Najwcześniej w lipcu Sejm uchwali przepisy, które umożliwią Polakom leczenie się za granicą. Trwają ostatnie prace na wdrożeniem spóźnionej już o pół roku tak zwanej dyrektywy transgranicznej - ustalił reporter RMF FM Grzegorz Kwolek.
Do tego czasu pacjenci, którzy wybrali zagranicznego lekarza, będą musieli walczyć o zwrot kosztów przed sądem. Wczoraj w Krakowie zapadł wyrok nakazujący Narodowemu Funduszowi Zdrowia zwrot kosztów usunięcia zaćmy w szpitalu w Czechach.

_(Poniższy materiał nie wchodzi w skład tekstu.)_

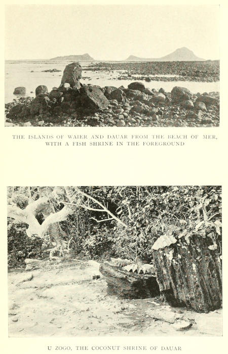 | Totemism in Mabuiag—Significance of Totemism—Advantage of Totemism—Seclusion of girls—The Sacred Island of Pulu—The scenes of some of Kwoiam’s exploits—The Pulu Kwod—The stone that fell from the sky—The Kwoiam Augŭds—Death dances—Test for bravery—Bull-roarer—Pictographs—The Cave of Skulls—The destruction of relics—Outline of the Saga of Kwoiam—Kwoiam’s miraculous water-hole—The death of Kwoiam | Page 132-147 |

Ten wyrok nie oznacza jednak, że teraz NFZ będzie łatwiej oddawał pieniądze za leczenie. W tej chwili nie możemy płacić za takie zabiegi i będziemy się od wszystkich wyroków odwoływać - nie pozostawia złudzeń wiceminister zdrowia Sławomir Neumann. I przyznaje wprost, że chodzi o ograniczenie takich wyjazdów. Naszym celem jest raczej zwiększenie środków w Polsce i leczenie ludzi w Polsce, a nie wysyłanie ich za granicę - podkreśla wiceminister.
Dlatego przepisy, które umożliwią opłacane przez NFZ leczenia za granicą będą bardzo restrykcyjne. Będą wymagały m.in. skierowania od polskiego specjalisty na leczenie u zagranicznego lekarza i zgoda szefa wojewódzkiego oddziału NFZ na leczenie szpitalne. W dodatku fundusz będzie zwracał pieniądze tylko za takie zabiegi, za które płaci w Polsce.